WHAT THE TASK REQUIRES — Without any pictures, print the lines below from the one that has "Ampio monolocale di" through the one that has "MING WANG Tailored", exactly and nothing else.

EXERCISE DATA —
··········

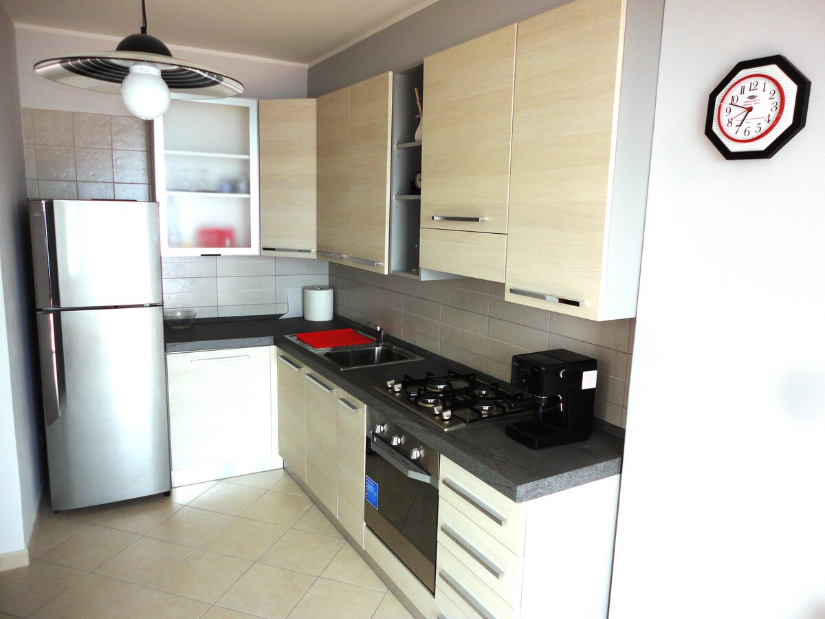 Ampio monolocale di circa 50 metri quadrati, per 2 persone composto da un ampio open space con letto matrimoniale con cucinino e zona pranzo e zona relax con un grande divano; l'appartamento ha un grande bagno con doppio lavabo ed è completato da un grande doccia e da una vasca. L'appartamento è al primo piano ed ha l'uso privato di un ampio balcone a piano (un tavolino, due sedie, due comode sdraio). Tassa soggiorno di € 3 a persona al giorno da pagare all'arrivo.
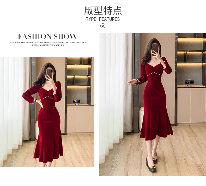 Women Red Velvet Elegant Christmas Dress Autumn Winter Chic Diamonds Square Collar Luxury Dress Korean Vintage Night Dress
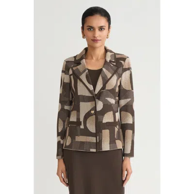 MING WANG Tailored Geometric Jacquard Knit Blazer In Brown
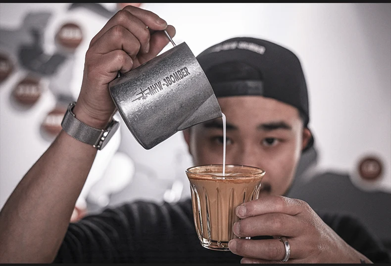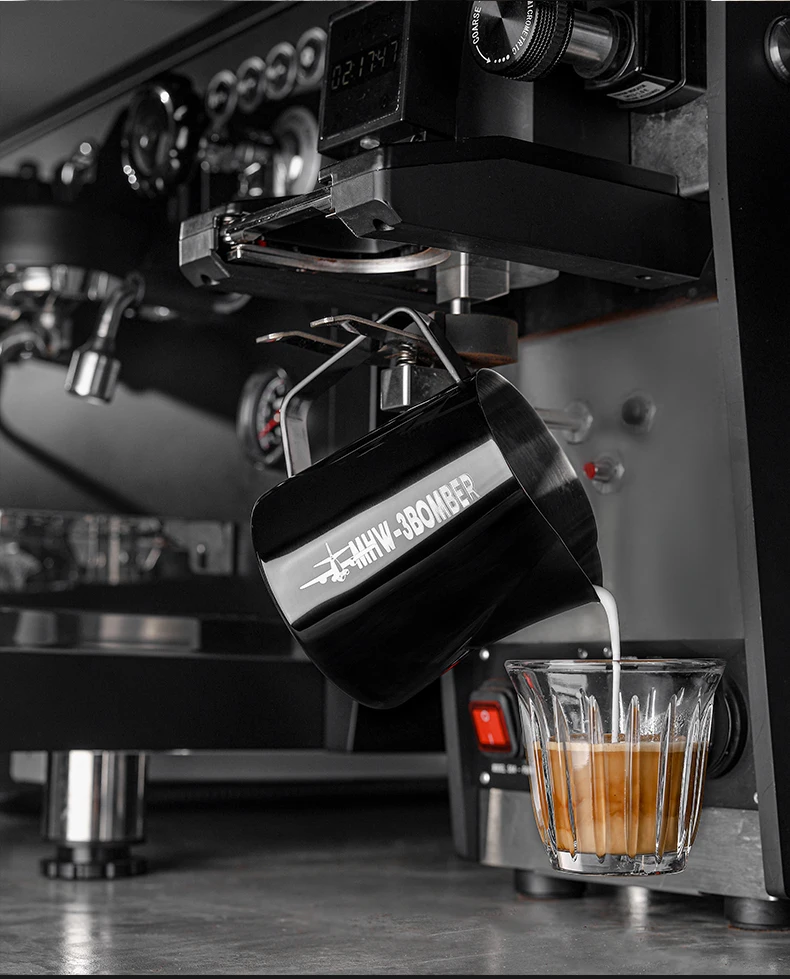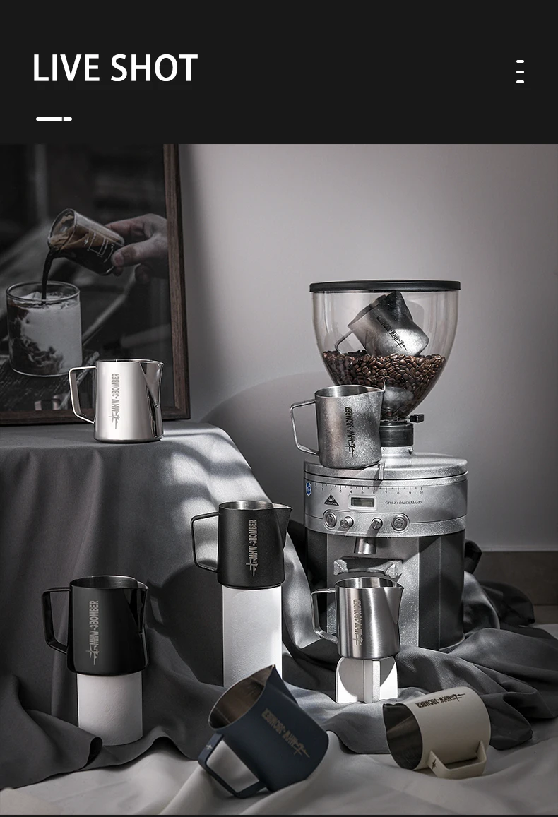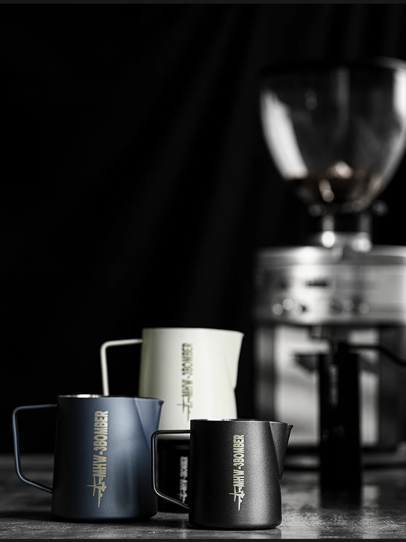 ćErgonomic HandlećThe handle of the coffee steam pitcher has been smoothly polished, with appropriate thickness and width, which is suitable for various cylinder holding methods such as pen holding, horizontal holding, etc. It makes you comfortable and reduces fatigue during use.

··········

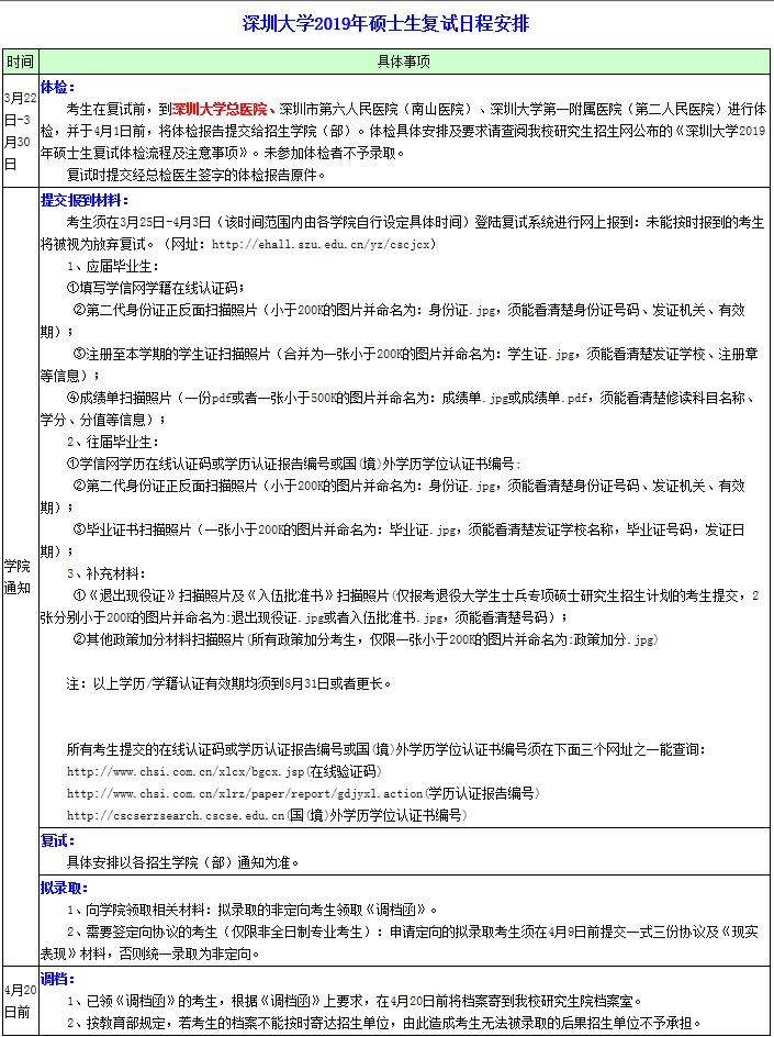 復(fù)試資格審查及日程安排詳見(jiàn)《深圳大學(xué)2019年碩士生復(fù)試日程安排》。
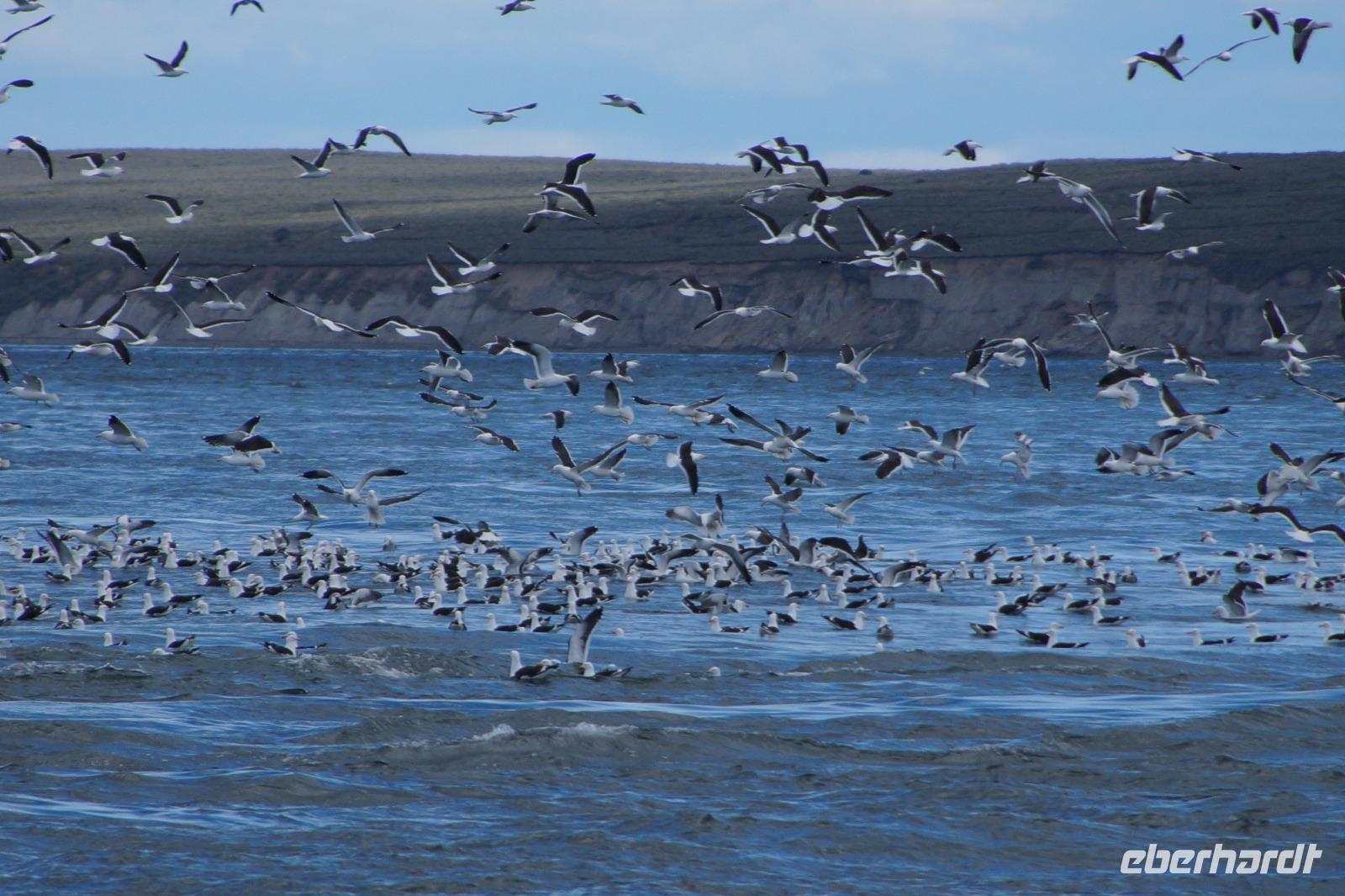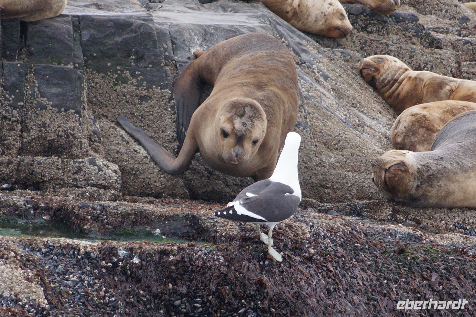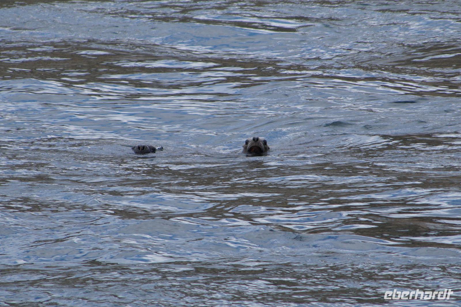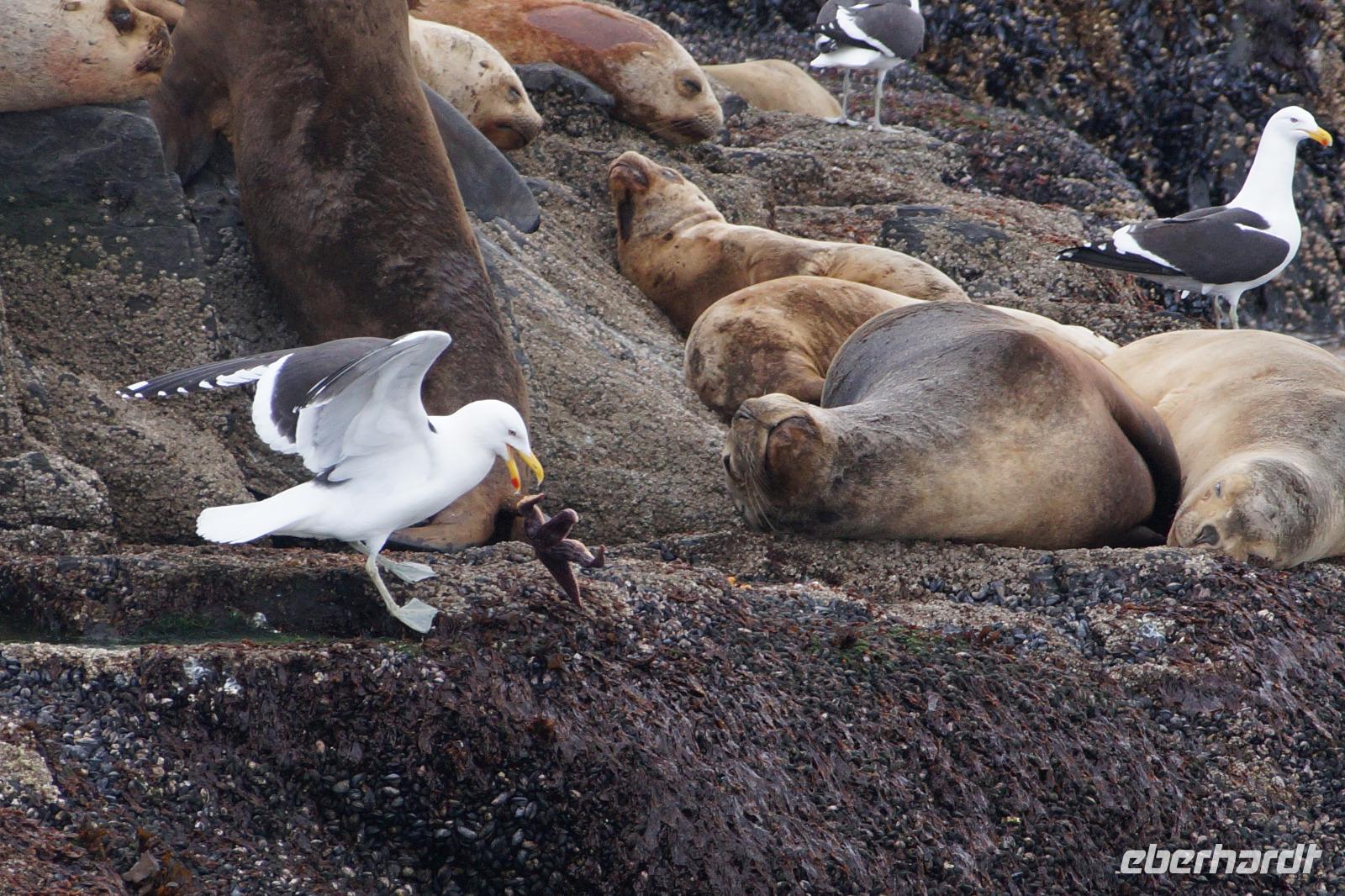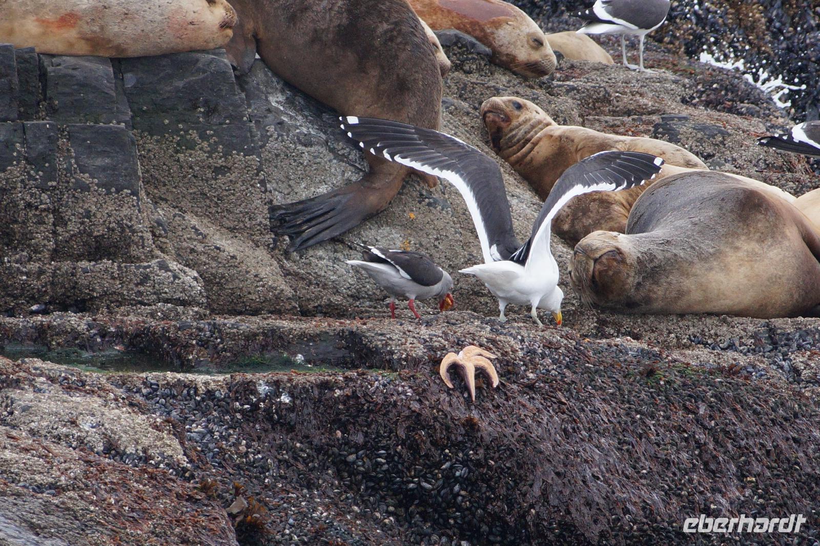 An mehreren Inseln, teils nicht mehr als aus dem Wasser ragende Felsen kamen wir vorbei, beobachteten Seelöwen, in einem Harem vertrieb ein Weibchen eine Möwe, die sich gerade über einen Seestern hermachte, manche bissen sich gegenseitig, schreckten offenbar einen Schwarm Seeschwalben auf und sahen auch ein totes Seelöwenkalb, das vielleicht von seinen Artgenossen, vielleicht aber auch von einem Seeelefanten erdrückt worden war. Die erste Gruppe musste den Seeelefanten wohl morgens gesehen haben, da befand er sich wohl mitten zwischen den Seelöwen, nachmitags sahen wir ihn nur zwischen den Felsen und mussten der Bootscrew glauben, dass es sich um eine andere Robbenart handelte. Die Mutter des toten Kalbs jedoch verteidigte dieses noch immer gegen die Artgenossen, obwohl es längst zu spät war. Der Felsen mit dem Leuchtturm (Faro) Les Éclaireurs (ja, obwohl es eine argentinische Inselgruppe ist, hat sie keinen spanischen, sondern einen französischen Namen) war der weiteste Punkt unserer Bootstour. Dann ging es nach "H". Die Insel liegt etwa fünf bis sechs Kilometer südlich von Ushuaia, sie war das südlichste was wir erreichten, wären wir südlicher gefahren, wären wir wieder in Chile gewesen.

··········

EXERCISE SOLUTION —
 Ampio monolocale di circa 50 metri quadrati, per 2 persone composto da un ampio open space con letto matrimoniale con cucinino e zona pranzo e zona relax con un grande divano; l'appartamento ha un grande bagno con doppio lavabo ed è completato da un grande doccia e da una vasca. L'appartamento è al primo piano ed ha l'uso privato di un ampio balcone a piano (un tavolino, due sedie, due comode sdraio). Tassa soggiorno di € 3 a persona al giorno da pagare all'arrivo.
 Women Red Velvet Elegant Christmas Dress Autumn Winter Chic Diamonds Square Collar Luxury Dress Korean Vintage Night Dress
 MING WANG Tailored Geometric Jacquard Knit Blazer In Brown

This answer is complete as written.